After earning a Master of Fine Arts degree from the San Francisco Art Institute, Wight taught at Mills College. Part of what drew her in 2003 to Stanford, where she teaches classes in emerging media and experimental media art, was the opportunity to work with scientists, she said. At Stanford, Wight is planning artwork based on global warming in collaboration with Elizabeth Hadly, associate professor of biological sciences, and also has created art in response to the work of Londa Schiebinger, professor of the history of science.
A 2006 work appearing in Sliding Scale that addresses the ethics of scientific imaging was supported by the Center for Probing the Nanoscale (CPN). For The Meaning of Miniscule, Wight fabricated an oversized hollow Plexiglas microscope equipped with a dial that scrolls through a database of microscopic and nanoscopic images dating from the 1600s. Audio identifications of the images purposely don’t correspond with the visual display, resulting in a “humorous slippage” between the two, Wight said.
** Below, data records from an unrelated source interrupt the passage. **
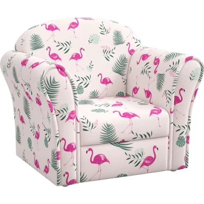 AIYAPLAY Kids Sofa Chair, Toddler Armchair with Flamingo Design, Wooden Frame, Upholstered Chair for Bedroom, Playroom, Room, Pink
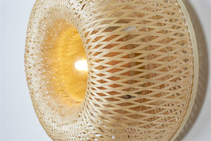 L'applique murale Barbados de la collection GOOD&MOJO. Diamètre 35 x H.17. En bambou. Base en métal et abat-jour Naturel ou Naturel/Brun. Disponible à Liège, à l'Est d'Eden.
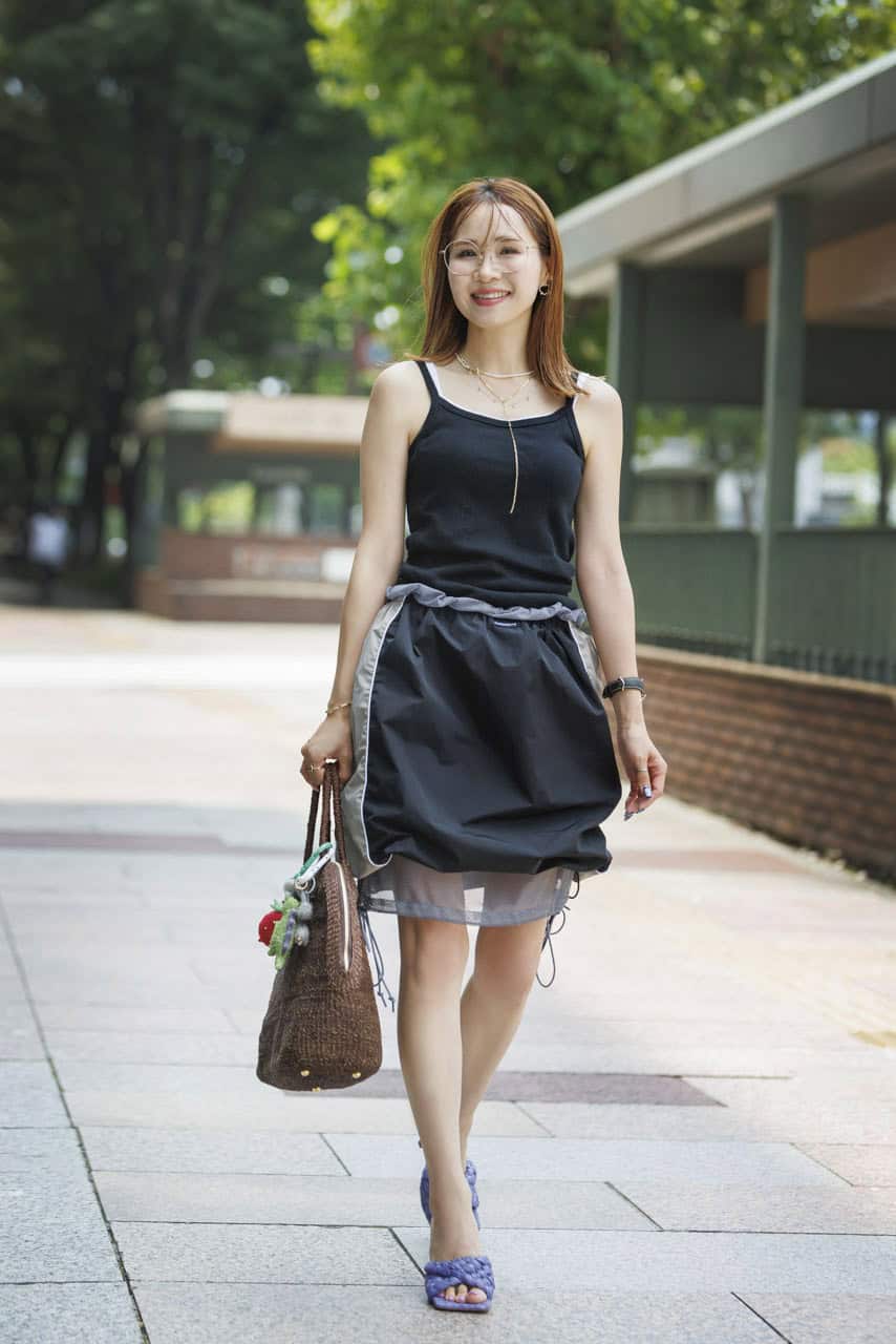 今年に入ってアイウェア熱が急加速。ハイブランドも好きですが、手頃な価格でトレンドが揃うOWNDAYSは必ずチェックします。メガネをひとつ加えることでコーデの雰囲気がガラリと変わるので、ファッションの楽しさが広がりました。スポーティーカジュアルなスカートスタイルをミュールで女っぽく、細フレームメガネでモードさをプラスしました。

In the realm of microscopy and nanoscopy, the lay public is very dependent on scientists to explain what it is we are looking at, she said. “The piece plays around with our reliance on the scientific narrative and the need for some other intermediary.
“Scientists tend to build a lot of checks and balances into their own practice,” Wight said. “But when the information comes to us, we don’t have the same checks and balances.”